Background
Active involvement of patients in decision making for their own medical care, such as deciding whether or not to accept a particular treatment (informed consent), or choosing among medical-care options (informed choice), is becoming a worldwide practice [
1]. In Japan, informed consent was codified in the “Medical Service Act” in 1997, and is now common practice [
2]. Recent surveys show that moving beyond informed consent, Japanese patients are involved in informed decision making in clinical practice [
3] and that they prefer this involvement [
4]. Consequently, it is very important to ensure that patients correctly understand medical information, so that their decisions, possibly made in life-threatening situations, reflect their true will.
One way to address this issue would be to assess patients’ health numeracy, the ability to understand probabilistic and mathematical concepts [
5]. Health numeracy has gained increasing attention, as the amount of quantitative information, such as the probability of survival outcomes for different medical treatments, is increasingly present in medical risk information [
6,
7]. Previous studies assessing health numeracy have shown that individuals with low numeracy are more likely to misunderstand risk information, and their risk evaluations tend to be more influenced by context, such as how the related numbers are framed (reviewed in [
5,
8‐
11]). While many of those studies used healthy respondents, studies with actual patients have shown the influence of numeracy on their disease-related decision making (e.g. [
12‐
15]). Therefore, to ensure accurate medical-risk communication, it is important to know whether patients have a sufficient level of health numeracy.
Despite its importance, however, health numeracy and assessment scales have been largely understudied in many countries, including Japan. In fact, previous research is mostly from the United States and Europe, with research in other countries just beginning (e.g. [
16‐
18]). These pioneering studies on cross-cultural comparisons have shown considerable differences in numeracy levels [
16,
19], as well as the association of numeracy with decision making [
20,
21] across different countries. Therefore, it is important to determine how previous findings apply to different countries, and develop strategies suitable for each case.

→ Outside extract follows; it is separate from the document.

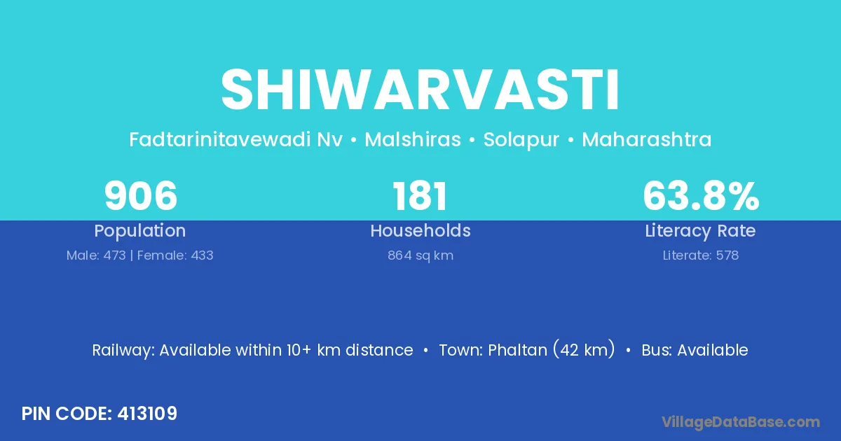 Phaltan (42 km) is the nearest town to Shiwarvasti village for major economic activities and is located approximately 42 km away.

In Japan, the limited attention paid to health numeracy might be a reflection of the common belief that the majority of Japanese people enjoy basic numeracy. For example, since its inception in 2000, the Programme for International Student Assessment has rated the mathematical ability of Japanese students (aged 15 to 16 years) as higher than the international average, whereas that in the United States has been below average. While this might imply that Japanese patients are able to correctly use numerical medical data, recent pioneering work in Japan suggests this might not be the case [
22]. In their study, Takahashi et al. developed a 7-item scale to test the ability of Japanese patients to interpret medical information (TAIMI), with 3 of these items especially relevant to numeracy. Unexpectedly, more than 50 percent of respondents made mistakes in 2 of these items. Those 2 items evaluated the effect of a medicine, one presenting information as a fraction and the other as a natural frequency. This result suggests that Japanese health numeracy may not be as high as expected, and that there is a need for further investigation specifically focusing on health numeracy.
The aim of this study is twofold: 1) to evaluate Japanese versions of numeracy scales, and 2) to assess the health numeracy of Japanese adults.
We chose two well-known health numeracy scales that focus on the basic understanding of math and probability, the 3-item Schwartz scale [
23], and its expanded version, the 11-item Lipkus scale [
24]. To date, these scales are among the most frequently used instruments in numeracy studies. Since the focus of these tests is different from that of TAIMI, we were interested in how Japanese people performed in these health numeracy scales. Japanese versions of these scales (Schwartz-J and Lipkus-J) were prepared using forward and backward translation procedures [
25].
The reliability of the scales was assessed for internal consistency. The original scales were shown to be unidimensional; the original Schwartz study did not conduct a factor analysis, but Lipkus and colleagues evaluated the factor structure of their scale which included the Schwartz items [
24]. However, there are also studies showing multi-factor structure on these scales [
18]. Since factor structure could be different depending on the nature of a target population [
26], an exploratory factor analysis was conducted to explore factor structure for the Japanese version. Convergent validity of numeracy scales was evaluated by their correlation with existing measures of health numeracy [
8]. As mentioned above, TAIMI has a two-factor structure where three items are specifically relevant to numeracy [
22]. Thus, we examined correlations between TAIMI scores and the Schwartz-J and Lipkus-J scores. We expected a positive correlation between performance on TAIMI and the scales translated in this study, specifically for the numeracy items of TAIMI (TAIMI-num).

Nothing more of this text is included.